Feedback from the focus group indicates that participants find language learning in a virtual environment using our prototype to be more enjoyable than traditional language learning methods. Positive responses imply that the use of a language learning system such as this is wanted, although studies regarding language retention and vocabulary gain are needed to investigate its success in teaching information to users. The feedback suggests improvements such as re-design of the UI, a more spacious virtual environment with a more diverse list of objects. The results from the focus group will be incorporated in future iterations of the prototype to create a more immersive environment for language learning.

8 Future Work

As this is the first iteration of the application, improvements will be made using feedback gathered from the focus group. These improvements include using changes in design choices, such as switching over to the use of touch controllers for item selection instead of using the user’s line of vision, and improvements regarding character view-panning to reduce player nausea. Furthermore, participants indicated to increase the amount of scavenger hunt tasks and the environment map size. Increase in map size includes the addition of other types of locations one might encounter often or find useful vocabulary in, such as a grocery store or restaurant. Participants also expressed that the addition of differing difficulty levels would be beneficial.
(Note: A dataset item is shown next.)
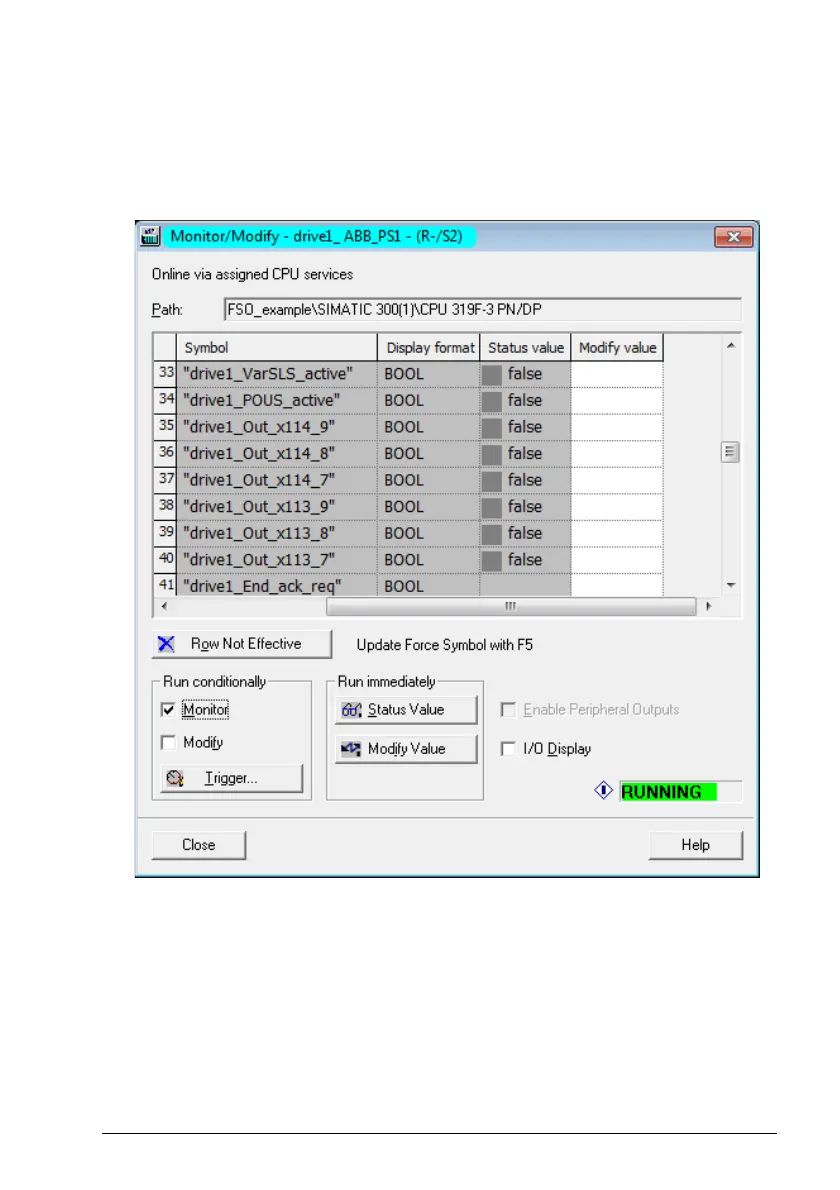 It is possible to monitor the contents of the PROFIsafe message. For example:

Implementation of elements to make the reading of new search-and-find prompts more user-friendly can be added, such as addition of transition scenes and a friendly avatar speaking so that new task announcements do not feel as sudden. Finally, the addition of a voice recording feature, where the user would be able to record and hear playback of themselves saying item names would be useful to assist users in their pronunciation skills while allowing them to compare their tries to correct pronunciations.